Sì, gli hai rimesso i peccati sulla terra, ponendolo sul monte pingue di cacio, il tuo monte, monte ubertoso.
Conversione di Nebridio
3. 6. Egli era dunque angosciato in quei giorni; Nebridio invece condivideva la nostra esultanza. Era
caduto anch’egli, non ancora cristiano, nella fossa di quel funestissimo errore, che gli faceva credere vuota
apparenza la carne vera del tuo Figlio ; tuttavia già ne emergeva e si trovava a questo punto, che, sebbene
non ancora iniziato a nessuno dei sacri misteri della tua Chiesa, ricercava però la verità con grandissimo
ardore. Non molto tempo dopo la nostra conversione e rigenerazione mediante il tuo battesimo divenne
anch’egli fedele cattolico, e mentre ti serviva in Africa tra i suoi familiari, che aveva tutti convertito alla
fede cristiana, in una castità e continenza perfette, lo liberasti dalla carne. Ora vive nel grembo di Abramo.

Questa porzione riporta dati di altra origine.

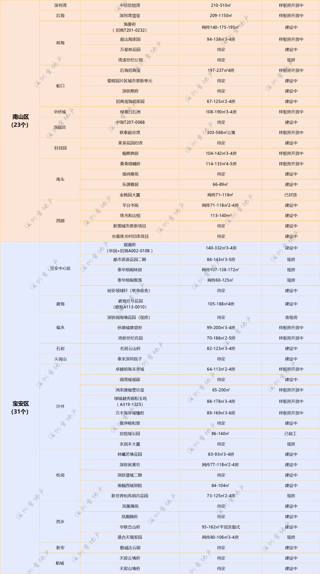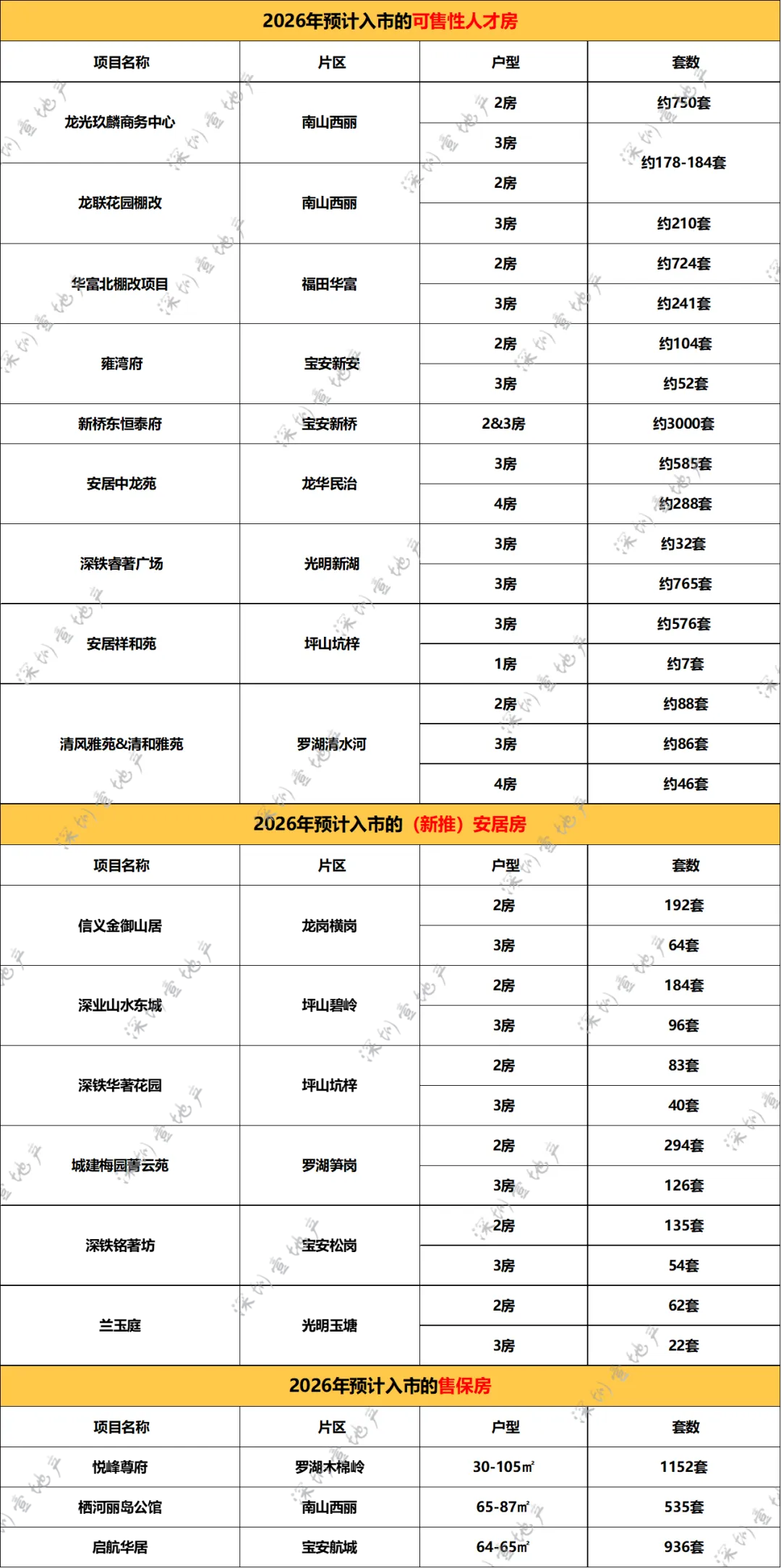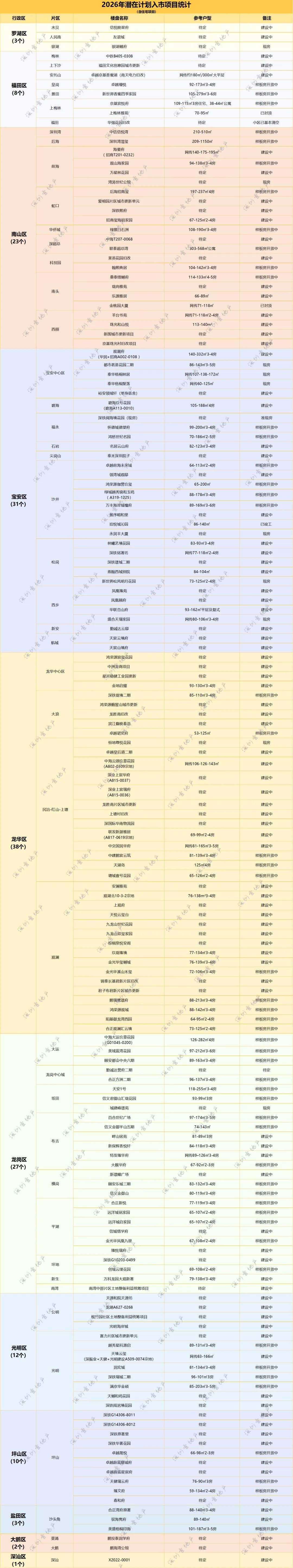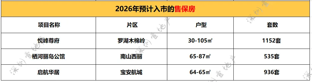 因为价格优势,一直是许多买房人关注的重点,据壹地产不完全统计,今年预计将有3个售保房入市。从建设进度来看,最快的是罗湖的悦峰尊府项目,当前已经是现房状态,户型跨度比较大,在30-105m²之间,据网传共有12个户型可供选择;其次是南山西丽的栖河丽岛公馆,当前已经全面竣工。该项目靠近大学城和西丽水库,生态环境非常优越,预计最快2026年底就能入市推售;最后是宝安的启航华居,该项目在107国道旁边,之前有爆停工,但2025年初就已经恢复施工,如果进展顺利的话,预计也将在今年年底达到入市标准。需要特别说明的是,配售型保障房的正式上市仍需等待相关配套政策落地,具体配售时间、申请条件及流程,均以官方公告为准。当然,除了上述提到的区域之外,福田、龙岗、光明等区域在新房市场中也各有亮点。像福田虽不是供应大户,但因为优质的地理位置,仍有一批高关注度项目入市。除了卓越缦悦、香蜜四季家园将持续推新外,去年让8家房企鏖战148轮的梅林B405-0308地块预计或将于今年入市,还有期待多年的卓越京基香蜜湖,预计将于2026年二季度左右入市。值得一提的是,福田在去年还有十亩地、香蜜湖度假村等多处优质地块腾出,虽说目前还没有确定地块性质,但值得期待。龙岗今年虽然退居二线,仍有一些备受关注的楼盘。如去年土拍地块G01045-0200中海大运玖章花园,今年还会持续加推;城建峰璟苑、信义君御山汇珑等已经是现房/准现房状态;新霖瑧邑、特发臻华府开发节奏较快,预计2026年第一季度左右面世,户型以刚需及刚改为主,性价比突出。光明去年两个土拍的地块均有不同的进展,龙湖A627-0268地块已平整完毕,打桩机已进场,6月可能入市销售;深振业+天健+光明建设A509-0074宗地已命名为天境云玺,是光明首个新国标大盘,预计将于2026年第二季度取证并开盘入市。接下来,壹地产将针对今年深圳楼市中备受关注的热门新盘展开深度踩盘,如去年集中出让的12宗宅地的最新开发进度,感兴趣的朋友,记得持续关注,别错过第一手干货!注意:为提高深圳业主的入群体验,群组不允许添加新成员和发布无用的广告。非免费,需审核,不欢迎同行、中介加入。混入群组搞客户的人,终生不会与其合作。如果您想与我们团队合作,请扫描二维码添加我们的微信。平台欢迎广大房地产及其他行业从业者的合作,但不欢迎私自混入群组搞客户的人。第一次在深圳买房?头脑毫无头绪?不知道怎么选楼盘?也不知道怎么选户型?怎么卖房以及置换房产?如何通过法拍买房捡漏...

Là, qualunque sia il significato di questo “grembo”, il mio Nebridio vive, il dolce amico mio, ma tuo,
Signore, figlio adottivo e già liberto. Là vive: e che altro luogo sarebbe adatto a quell’anima? Vive nel
luogo di cui spesso chiedeva a me, omuncolo inesperto. Non avvicina ora più l’orecchio alla mia bocca,
ma la sua bocca spirituale alla tua fonte, ove attinge la sapienza quanto può e vuole, infinitamente beato.
Non credo però che tanto se ne inebri, da scordarsi di me, poiché tu, Signore, da cui attinge, di noi ti
sovvieni. Questa era dunque la nostra condizione: da un lato consolavamo Verecondo, rattristato, senza
danno per l’amicizia, di quella nostra conversione, esortandolo all’osservanza fedele dei doveri del suo
stato, ossia della vita coniugale; dall’altro aspettavamo Nebridio, quando ci avrebbe seguito. Vicino
com’era, poteva farlo ed era già lì lì per farlo, quand’ecco finalmente trascorsi quei giorni, che mi rendeva
così lunghi e numerosi l’amore della libertà quieta, in cui avrei cantato da ogni mia fibra: “ll mio cuore ti
disse: “Ho cercato il tuo volto; il tuo volto, Signore, ricercherò””.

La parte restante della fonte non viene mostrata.